3. Bontrager XXX lite tubular wheels with Continental Sprinter tubulars. When I get time to change the pad holders to run carbon specific pads and am doing shorter rides within cel phone range I use this setup. I have used this setup in the summer exclusively for a few years only carrying one can of Pit Stop and running a little Stan's No Tubes with only three flats. However, one was not repairable with PitStop as a roofing nail was embedded in my tire. My concern is that I am only allowed to get one flat with this set up and many of my rides are high up in the Colorado mountains where there are few cars and little cel reception to call my wife. I don't really want to carry a spare tire as its a royal pain to change a tubular mid ride. 

4. New aero wheels- ??
404 clincher cons: 420 grams heavier than tubulars 
404 clincher pro's: I can get multiple flats and still ride it home. I wont have to keep switching those pesky brake pad holders every time I switch wheels. Better braking with aluminum surface. Easier to mount tires.


----------



## oneslowmofo (Feb 29, 2004)

*Tubies*

I'd vote for the tubies. I haven't had the flatting problems like you've had. In all reality I've had fewer flats that with my clinchers. The wheels will ride so much better than the clincher model as you already know. Plus, you have clinchers already.

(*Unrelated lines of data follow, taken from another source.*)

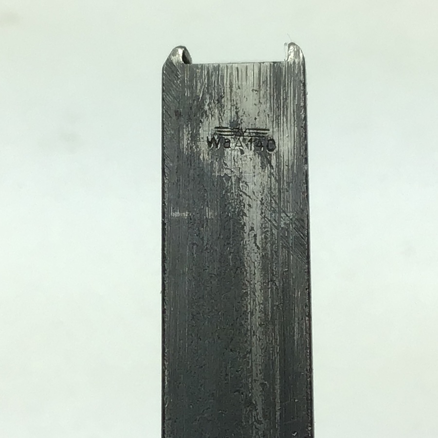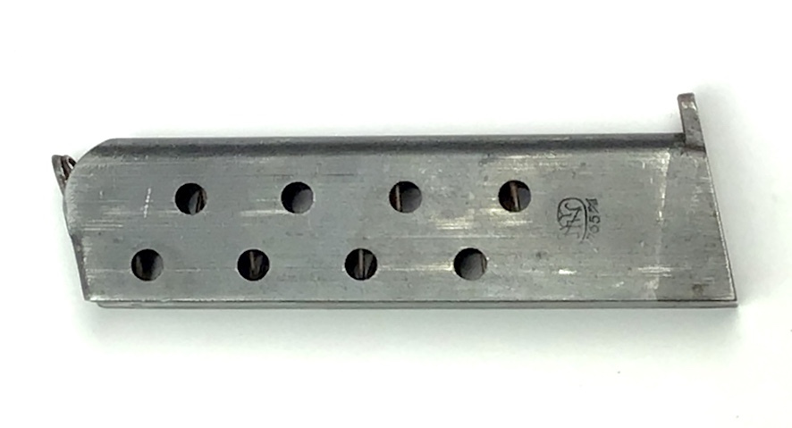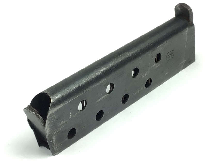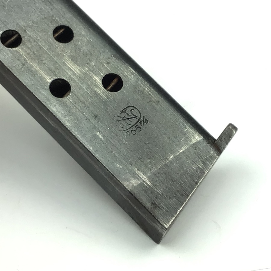 11/30/20 – This is an original WW2 era FN Browning model 1922 magazine. The right side of the magazine is FN stamped with 7.65m/m underneath. The top of the spine is stamped with a waffen military proof WaA140. The magazine is in great shape, with minimal wear. The spring is strong and fully functional.
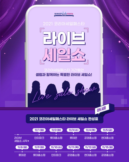 특히 최근 큰 인기를 끄는 라이브 커머스를 통한 세일쇼가 행사 기간 내내 이어질 예정이다. 공영홈쇼핑, 롯데온, 롯데홈쇼핑, 인터파크, 현대홈쇼핑은 '라이브 세일쇼' 행사에 참여해 셀럽과 함께 하는 방송을 진행한다. 아울러 국내 우수기업 해외진출을 돕기 위해 충국 최대 e커머스 플랫폼인 타오바오에서도 라이브커머스가 진행된다.
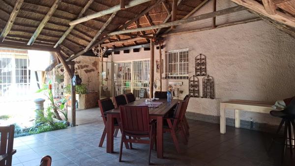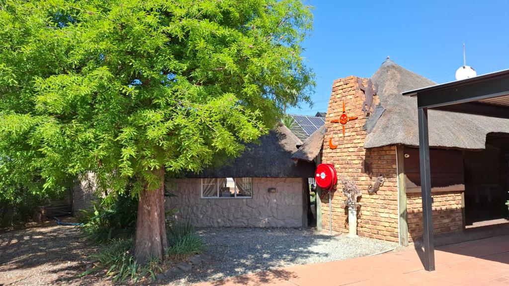 Flat: Tiled loungedining, full kitchen, 1 bedroom and bathroom. Own entrance and carport.

I've been dealing with the same problem. I've got a pair of Lightweights, Hyperon Ultra clinchers and Eurus (winter and rain riding). I'm thinking of selling one of them and just can't make a decision. 

If it's any help, I've been running Swiss Stop Yellow pads and was told that I could run them with my aluminum clinchers if I just took a pocket knife blade and ran it over the pad to get ride of any aluminum bits and then take some sand paper to it for a quick rub. This is a whole lot easier than replacing the pads.

Good luck.


----------



## Gnarly 928 (Nov 19, 2005)

Go with the tubies. I DO carry a spare without it being any hassel at all. Changing if I flat is actually easier than fixing a flat clincher. There are times when you can ruin a clincher beyond repair, also...so you are stroked there, too..

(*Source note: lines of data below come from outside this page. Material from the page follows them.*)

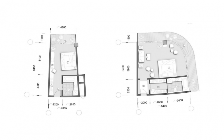 Environmental dialogue: An open platform is set at the top of the hotel podium, which opens towards the direction of the main landscape axis of the park, maximising the landscape environment resources into the interior of the site. The elevated area facing the water view is set up to form the external part of the restaurant in the public area of the hotel, and the building is linked indoors and outdoors. Line of sight control: the guest rooms on the south side of the hotel face the waterfront and enjoy the river view; the guest rooms on the north side face the mountain and enjoy the mountain view; the guest rooms in the inner courtyard enjoy the view of the landscape axis of the park.
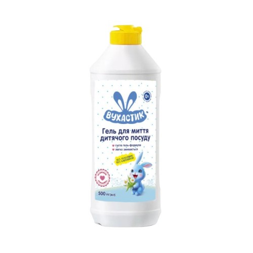 Засіб для ручного миття посуду Вухастик спеціально створений для догляду за дитячим посудом та аксесуарами. Він підходить для миття виробів із силікону, пластику, латексу та інших матеріалів, що робить його універсальним вибором для батьків.
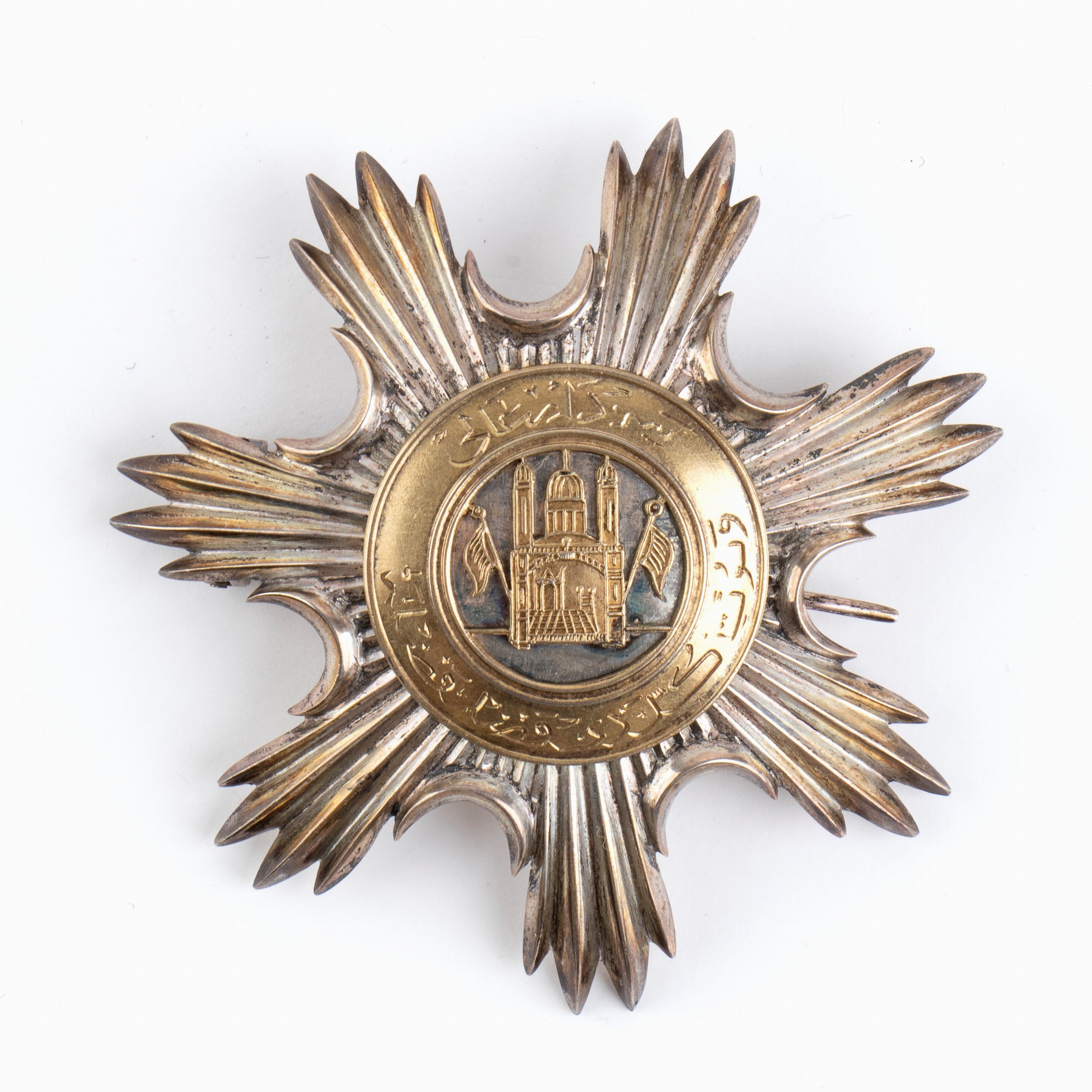 primo quarto XX sec. Istituito nel 1923, placca dell'Ordine di seconda classe in argento e argento dorato, al verso grande spilla centrale, in ottimo stato, Rara.

I have a stuff bag, sized to carry a spare tire under my regular seat bag, which has a compression strap on it. I use a worn tubular that has glue on it already for a spare. I ride remote area mostly, like you and don't worry much. You can also ride a flat tubular for some miles if you are careful.

I have some clinchers that I was using for crummy road rides..but after I cut one beyond repair on a rail road spike and had to hitch back, I decided they weren't any more dependable than tubies. I now have some old beater Zipp 303s from Ebay that have Conti. Sprinter Gatorskin tires...those are my dirty road wheels now..

This is on a 585 and a Scott CR1, 165lbs, about 150-200 miles per week training and a race every other weekend..
Don Hanson

PS..There are DuraAce brake pads that you can change pads with in about 2 minutes, but I found it un-necessary and run the carbon compound all the time.


----------